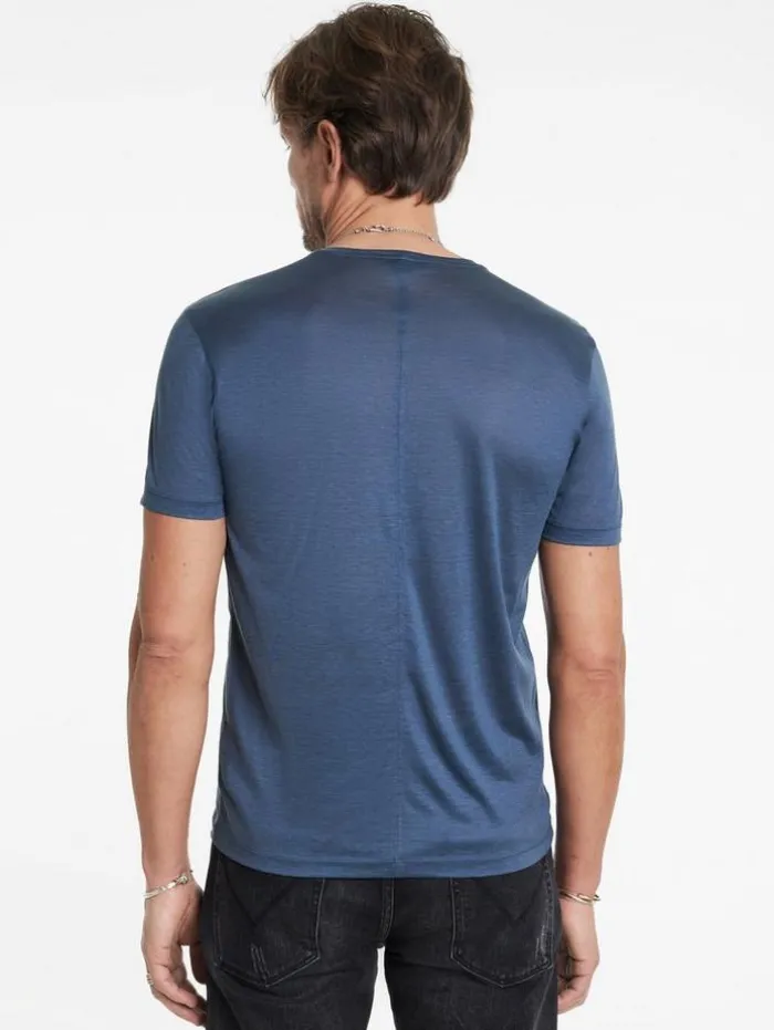 The defiance is all in the details of our Amato Crew. Woven in Portugal from a premium silk-cotton blend, this sleek crew neck exudes subtle rebellion with its unique shoulder tape detailing. Designed for the discerning JV man, it’s an essential core piece for your everyday wear.60% Mulberry Silk, 40% Organic CottonMachine Wash ColdCrew NeckRegular-FitShort SleeveTape DetailMade in PortugalMeasurements: Body Length: 27.5″, Chest Width (Flat): 20.75″, Sleeve Length: 17.5″
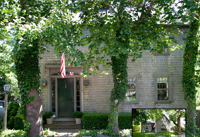 In-town compound with a four bedroom main house fronting on a quiet lane, a completely separate 2-bedroom guest cottage with frontage on Milk Street, and a garage and bunk house. Oversize lot in the heart of the Historic District; completely private and tucked-away.
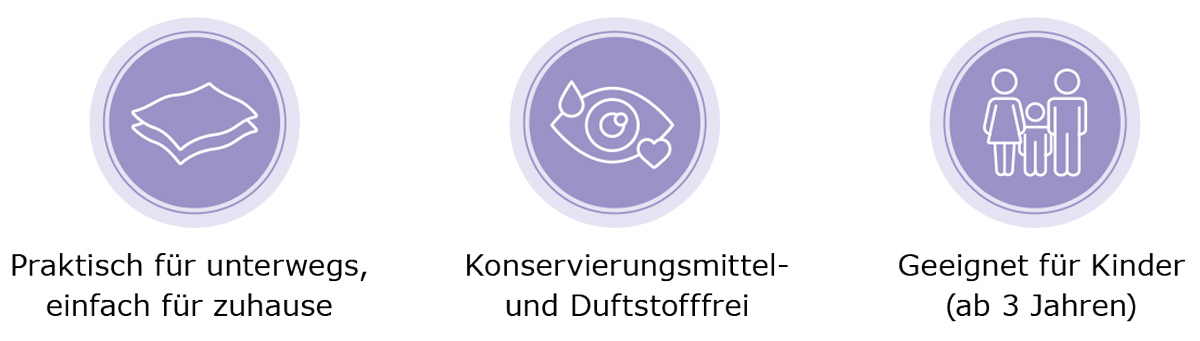 - Weiche, befeuchtete Einmaltücher – sehr gute Haut- und Augenverträglichkeit
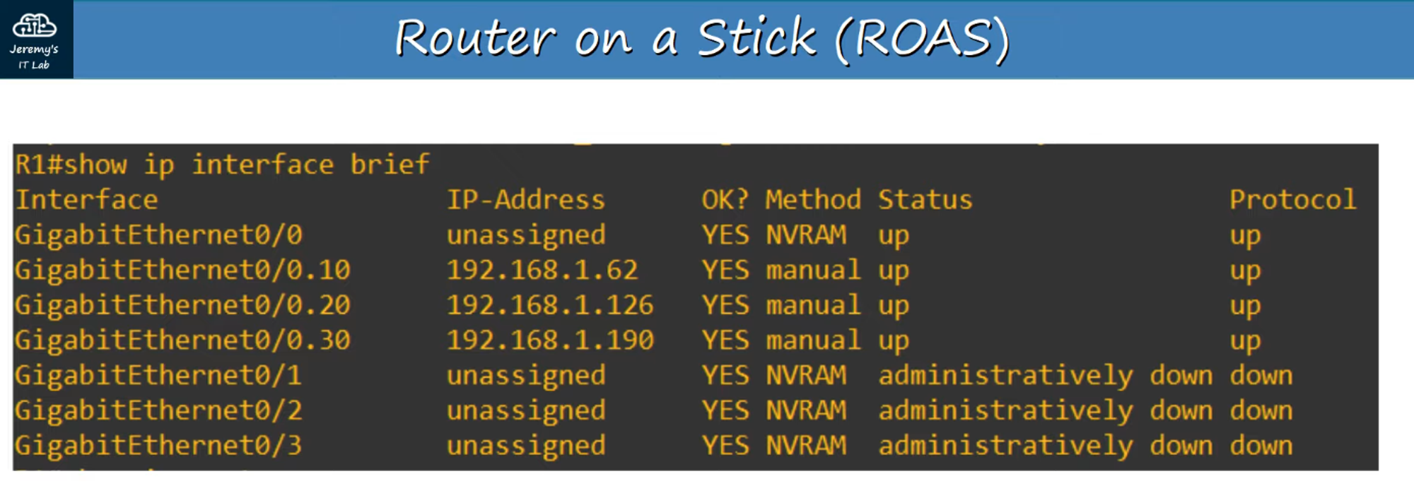However, as the number of VLANs increases, this method becomes inefficient. It leads to wasted interfaces, and often routers won’t have enough interfaces to support all VLANs.
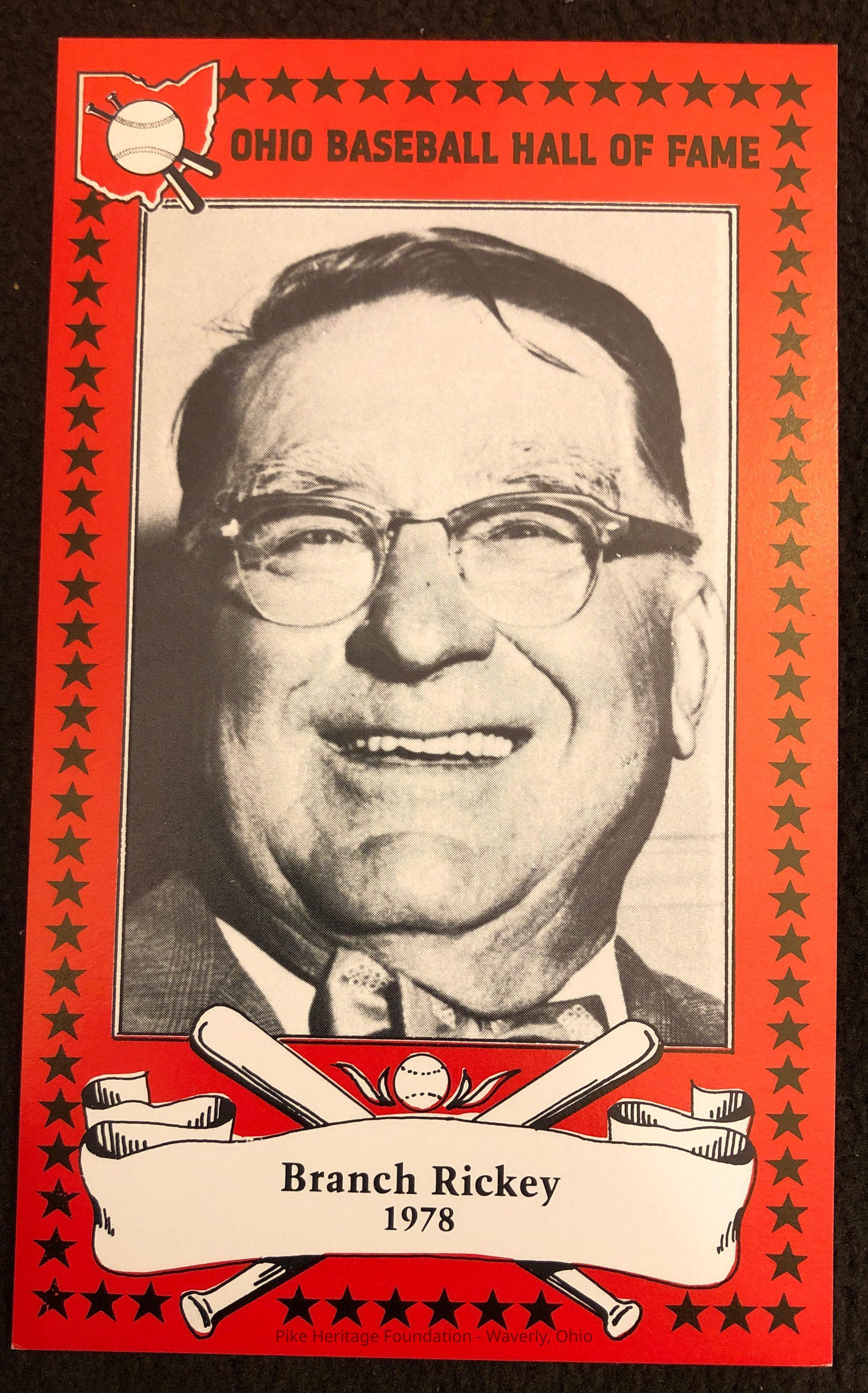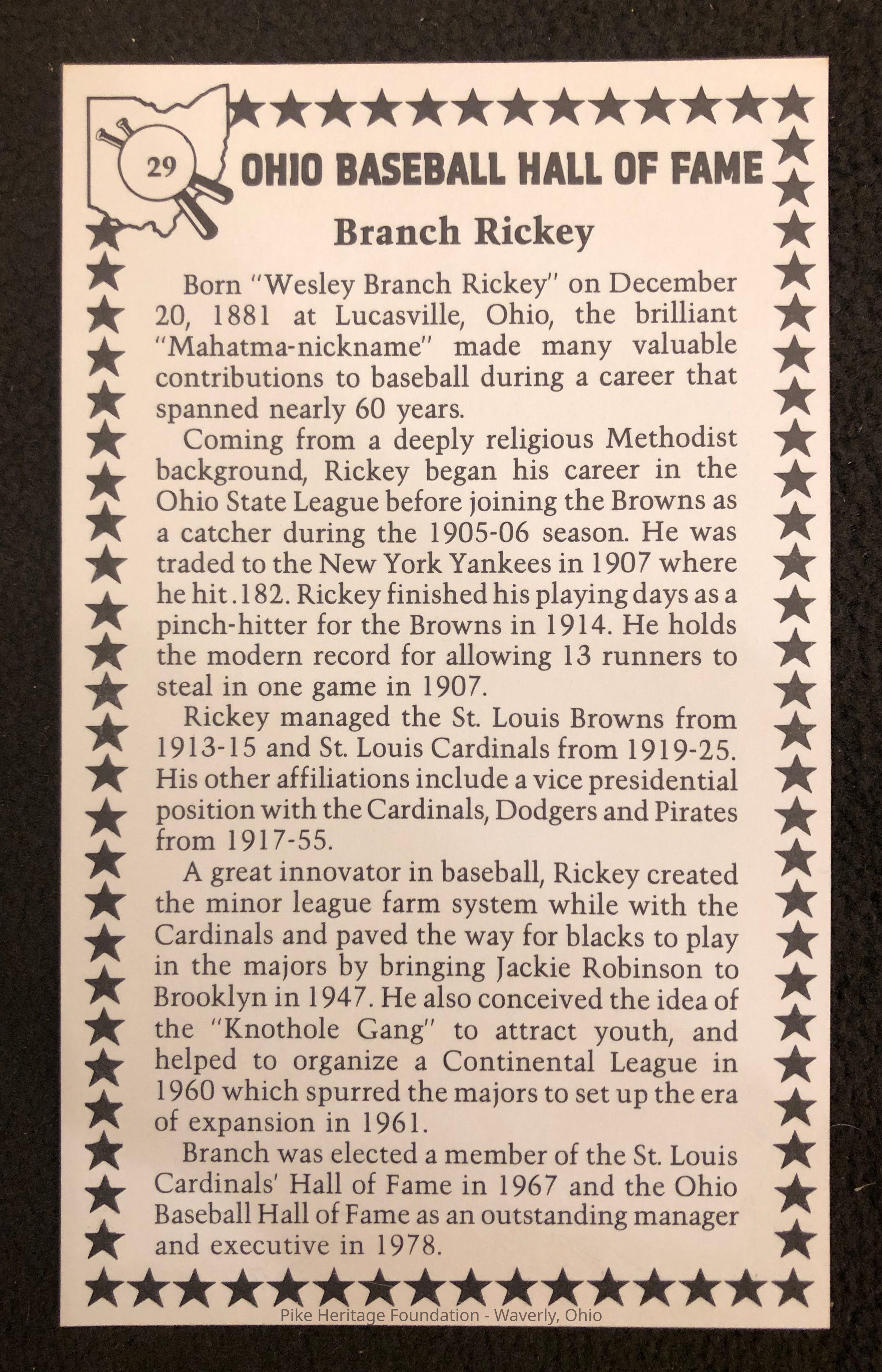 Ohio Baseball Hall of Fame Card honoring Branch Rickey. Mr. Rickey was born in Scioto County just south of Stockdale, Ohio.Collection
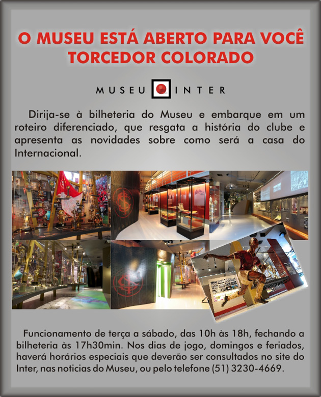 Aproveite o sábado para visitar o Museu do Inter antes do jogo contra o Cruzeiro, pelo Brasileirão. O horário de funcionamento será das 10h às 18h. A bilheteria funciona até as 17h30.

****************

#### [What is being asked]
An exact copy of the lines from the one with "Ohio Baseball Hall" through the end of the entries above, both included, is the whole answer. It contains no pictures.

#### [Problem solution]
 Ohio Baseball Hall of Fame Card honoring Branch Rickey. Mr. Rickey was born in Scioto County just south of Stockdale, Ohio.Collection
 Aproveite o sábado para visitar o Museu do Inter antes do jogo contra o Cruzeiro, pelo Brasileirão. O horário de funcionamento será das 10h às 18h. A bilheteria funciona até as 17h30.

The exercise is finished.